What is TMD or TMJ Disorder?
TMD is not just one condition, but a group of painful disorders that affect the TMJs and the muscles one uses to chew. It affects more women than men, and is usually temporary or occasional, but a small percentage of sufferers have serious chronic problems.
Do I have a TMJ Disorder?
The following are symptoms of TMJ Disorders. Not everyone experiences all of these problems. If you experience some of them, speak to Dr. Warn and have him perform a thorough examination.

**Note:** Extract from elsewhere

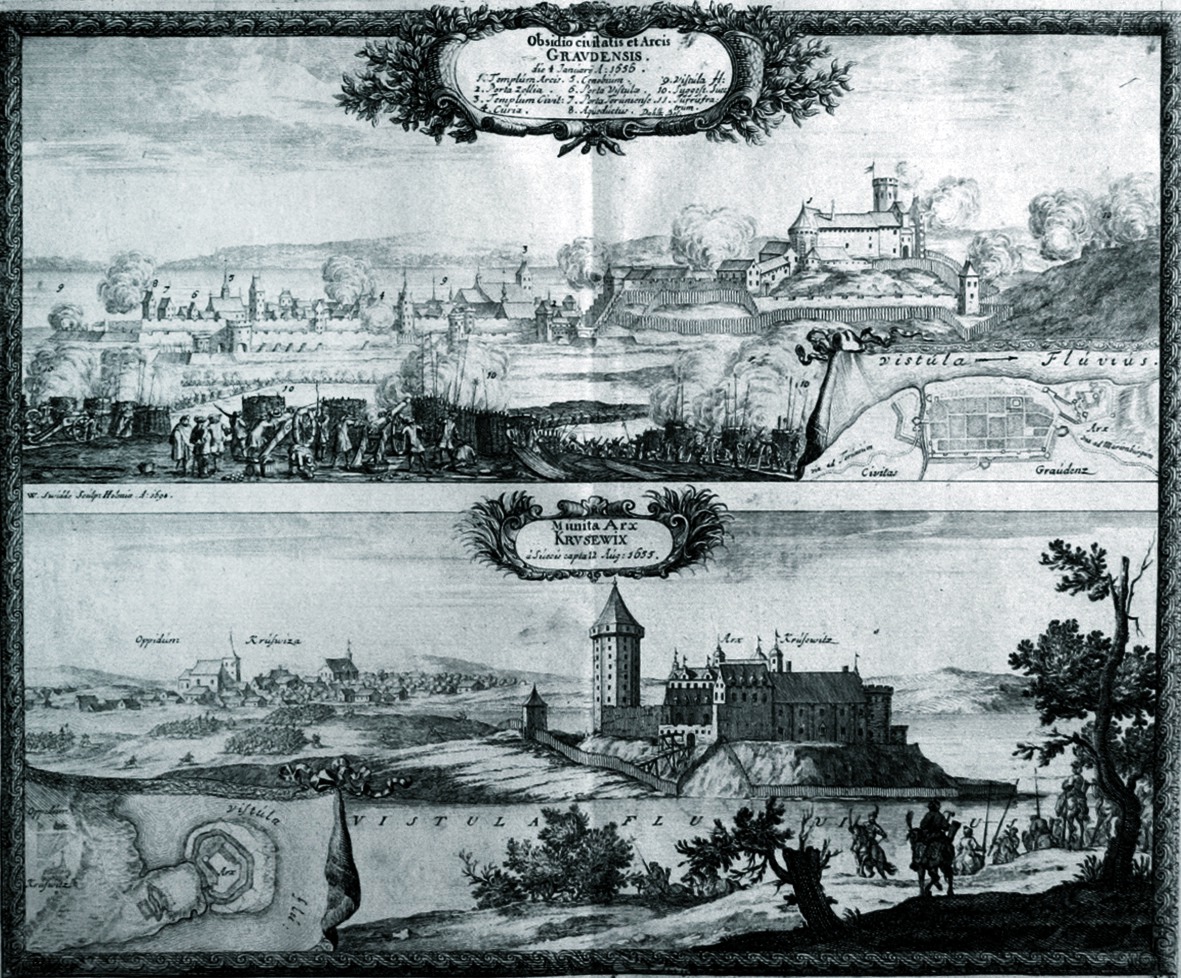 Na tej karcie są jednocześnie Grudziądz i Kruszwica. Gdy spojrzymy na plan Grudziądza, to poza murami jest zaznaczone civitas. Civitas nie jest ujęte na panoramie.
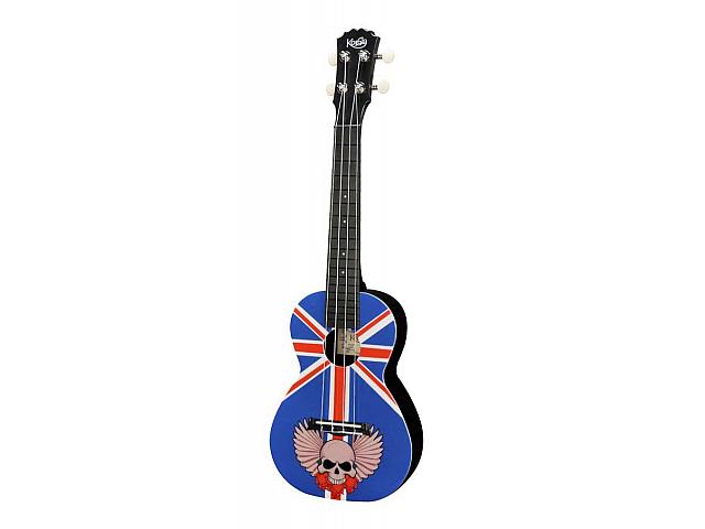 Концертная укулеле из поликарбоната с гитарными колками. Цвет: черные нижняя дека и обечайки, верхняя дека - британский флаг c крылатым черепом.

- Jaw pain, stiffness or soreness
- Jaw pain while chewing, biting, or yawning
- Painful or tender jaw joint
- Difficulty opening and closing the mouth
- Restricted range of jaw movement or “locking” of the jaw in an open or closed position
- Painful clicking, popping, grinding or grating sounds in the jaw joint when opening or closing the mouth
- Pain and fatigue when eating hard or chewy foods
- Bruxism – grinding or clenching of teeth when awake or asleep
- Earaches without an ear infection
- Sensitive teeth and toothaches without evidence of dental problems
- Teeth that break or crack without an apparent cause
- Aching or radiating pain on the side of the head, face, neck and shoulders
- A burning sensation in the mouth/tongue
- Frequent unexplained headaches – sometimes diagnosed as migraines
What causes TMJ Disorders?
TMJ is not completely understood by the medical community, so research on causes and treatments continues. Some contributing factors may include:
- Trauma – a sharp blow to the face, head, neck or jaw
- Disease – osteoarthritis, rheumatoid arthritis, or gout
- Age and Gender – it most often affects women of child-bearing age
- Bad oral habits – some believe TMJ can be caused or aggravated by activities that put the jaw in stressful positions, including tongue thrusting, mouth breathing, wide yawning, and nail, lip, or cheek biting
- Habits and posture – cradling a telephone between your ear and shoulder, talking excessively, straining the shoulder with a heavy shoulder bag, and hunching forward to read
- Medical procedures – oral procedures that unnaturally hold the jaw open or those requiring intubations
- Bruxism – teeth clenching or grinding
How can TMJ be treated?
Make sure to first discuss all your symptoms with Dr. Warn and get a thorough examination. He will want to rule out other dental possibilities for your symptoms. There are a number of treatments available, ranging from simple and gentle to the more aggressive and permanent. It best to make simple adjustments first, like eating soft foods, and not chewing gum, and consider more complex or permanent solutions only if necessary. Discuss available options with Dr. Warn.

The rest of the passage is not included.